Is there any truth to this?
BANKS, SLAVERY, AND FINANCIAL FLUCTUATIONS
Increasingly, slavery surpassed banking as the central issue of American politics. In the South, banks had indeed supported slavery, making substantial loans to plantation owners both on the value of land and on the value of slaves. But it is a myth that banks ignored industry or manufacturing. Quite the contrary, despite remarkable returns on investment (close to 20 percent), southerners themselves stayed wedded to the cotton culture partially out of familiarity and partially out of the benefits of a power structure that elevated even the poorest whites above slaves. Ironically, the rural nature of the South accelerated efficient banking structures, such as branching, past the unit bank systems of the more heavily populated northern cities. It was the superior branching structure of the South that largely insulated it from the effects of the panic of 1857.
Numerous theories have attributed the panic of 1857 to the fall of grain prices following the Crimean War and the failure of the New York branch of the Ohio Life and Trust Company. In 1990, however, the panic was seen as originating in the Dred Scott case, wherein the U.S. Supreme Court destabilized seventy years of American territorial policy by ruling that neither Congress nor the people of a territory could prohibit slavery. This ruling immediately caused the bonds of east-west running railroads to plummet (though not the bonds of north-south running lines) and thus rapidly eroded the asset structure of numerous large banks. The South was less affected by the ruling because its superior branching system provided a better means of information transmission, thus serving as a circuit breaker for runs. But northern unit banks, lacking as reliable a source of transmission for financial information—not to mention flexibility of assets—suffered disproportionately higher losses.

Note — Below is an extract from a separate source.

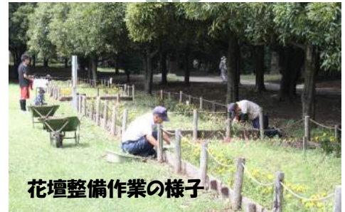
花壇整備作業の様子

Contemporaries, however, misread the lessons of the panic, especially in the South where they rightly could have crowed about their banking structure. Instead, advocates of the cotton culture claimed that their plantation system had spared them and that cotton was king. Likewise, in the North, the focus was turned on the tariff, not banking policy. The Civil War intervened before either side accurately analyzed the problems of the panic.
THE CIVIL WAR: BANKING AND FINANCIAL TRANSFORMATION
Secession plunged markets, North and South, into upheaval. After the firing on Fort Sumter, the Confederate States of America immediately confiscated all the gold in Southern banks' vaults, thus destabilizing them. By embargoing cotton, the Confederacy further weakened the position of Southern banks. Abraham Lincoln (1809–1865) delivered the coup with the Emancipation Proclamation, which by freeing the slaves further undercut the asset base of virtually all Southern banks. Had the war ended on 2 January 1863, the Southern banking system still could not have recovered due to the damage that both the Confederate and Union governments had done to the system.